Josh Rogin is an American journalist currently serving as a foreign policy columnist for the Global Opinions section of The Washington Post and a political analyst for CNN. He is author of the book Chaos Under Heaven: Trump, Xi, and the Battle for the 21st Century.

==Biography==
Rogin is Jewish and was raised in Bensalem, Pennsylvania in the suburbs of Philadelphia. He graduated with a B.A. in international affairs from the George Washington University's Elliott School of International Affairs.
 Sophia University After graduation, he worked as a journalist covering foreign policy and national security for Newsweek, The Daily Beast, Foreign Policy, Bloomberg View, The Washington Post, Federal Computer Week, Asahi Shimbun of Japan, and Congressional Quarterly. He is currently a foreign policy columnist for The Washington Posts Global Opinions section and a political analyst for CNN.

He is author of the book, Chaos Under Heaven: Trump, Xi, and the Battle for the 21st Century, published in March 2021.
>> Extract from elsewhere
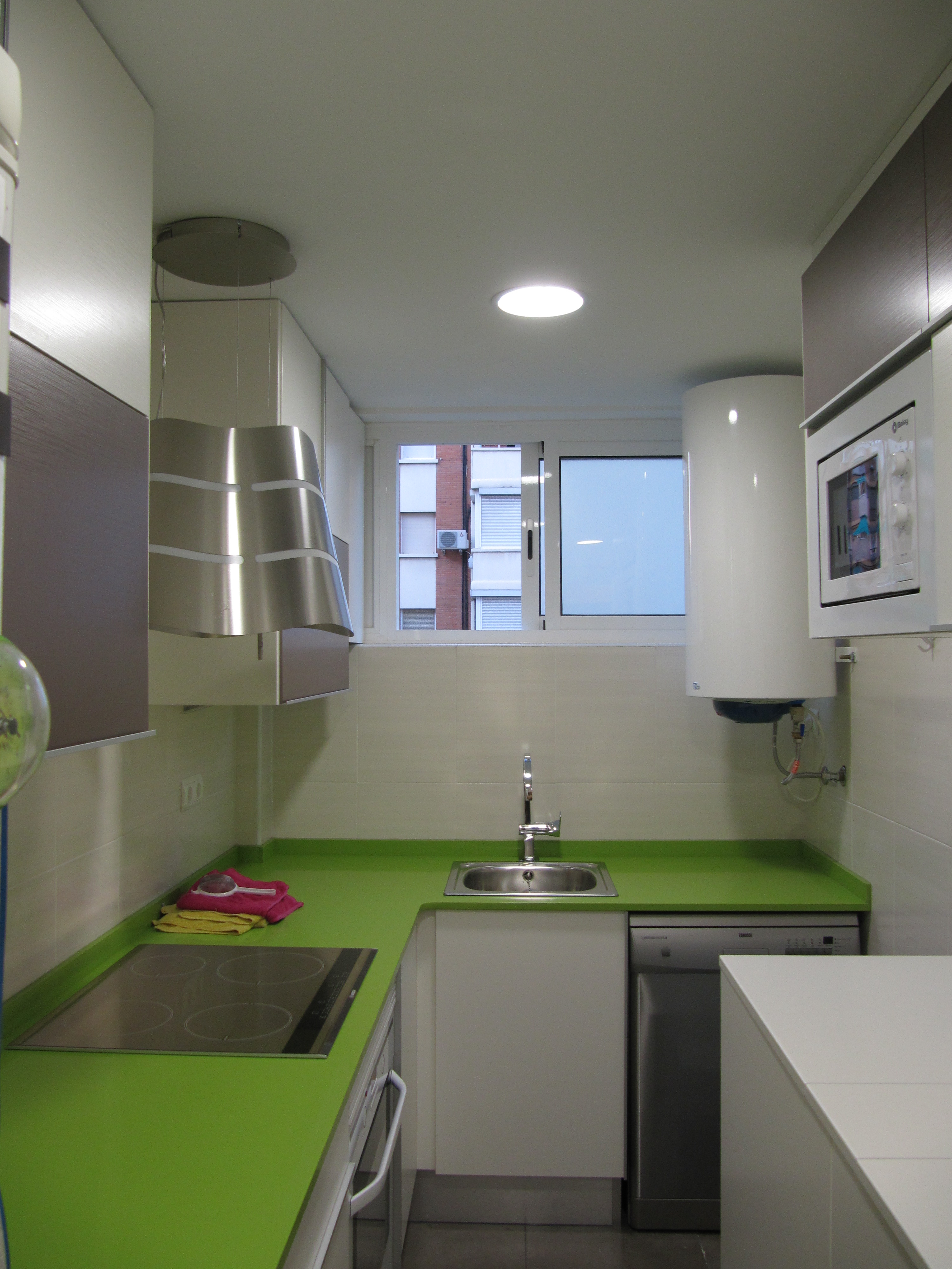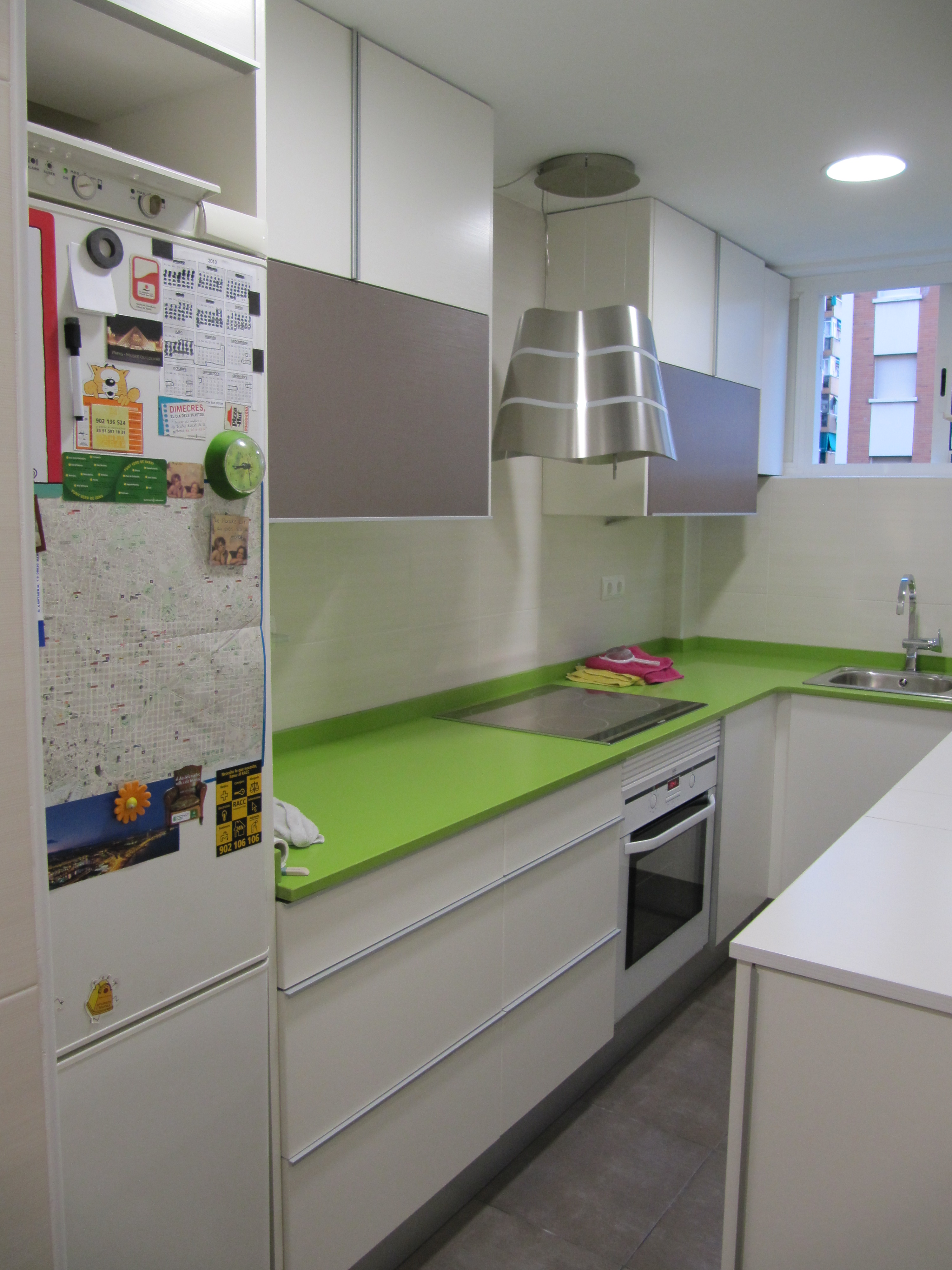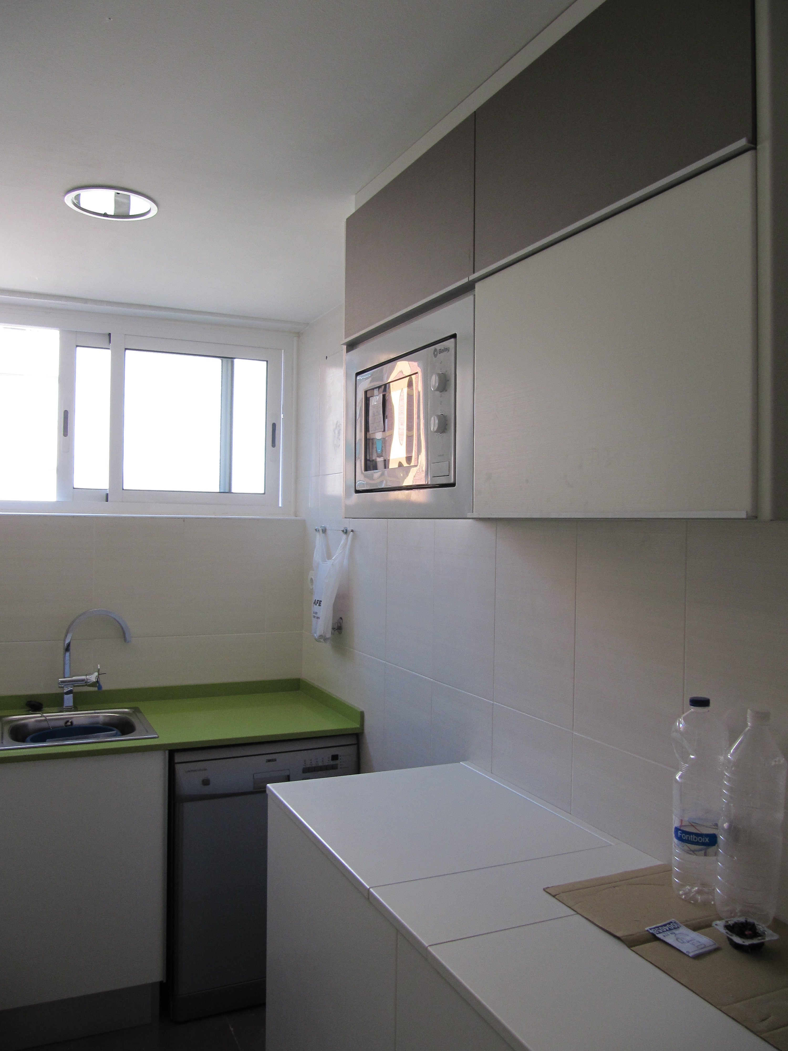 Por difícil de creer que sea, podemos estar dos personas trabajando al mismo tiempo siempre y cuando avisemos cada vez que abrimos una puerta o un cajón (ya tengo una cicatriz en la frente para recordármelo). Lo único que ha fallado para mí gusto son los tiradores. Debería haber puesto uñeros porque los que tenemos son un perfil metálico cortado a medida y los bordes son muy peligrosos. El microondas quedó un poco alto, pero para lo poco que lo usamos nos da lo mismo.
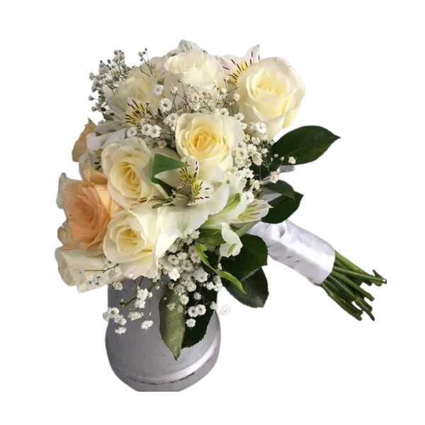 Ramo redondo con rosas color salmon, rosas color crema, alstroemeria blanca y paniculata

Rogin describes his politics as "neoliberal with a constructivist streak."

==Awards==
Rogin was a 2008-2009 National Press Foundation's Paul Miller Washington Reporting Fellow and a 2009 military reporting fellow with the Knight Center for Specialized Journalism. In 2011, Rogin was a finalist for the Livingston Award for Young Journalists and the 2011 recipient of the Interaction Award for Excellence in International Reporting.

==Wuhan lab theory==

In April 2020, Rogin published a column about diplomatic cables written by US diplomats in 2018 which he claimed reported safety and staffing concerns the diplomats had expressed after three visits in late 2017 and early 2018 to the Wuhan Institute of Virology. The cables reported that the WIV scientists claimed they did not have proper staffing and training to safely operate the institute's Biosafety Level 4 lab. The US diplomats also warned that the institute was performing risky research on bat coronaviruses in their labs. The cables were seen by some US officials to support a hypothesis that the Wuhan Institute of Virology's research may have resulted in a lab accident that caused the outbreak of the COVID-19 pandemic.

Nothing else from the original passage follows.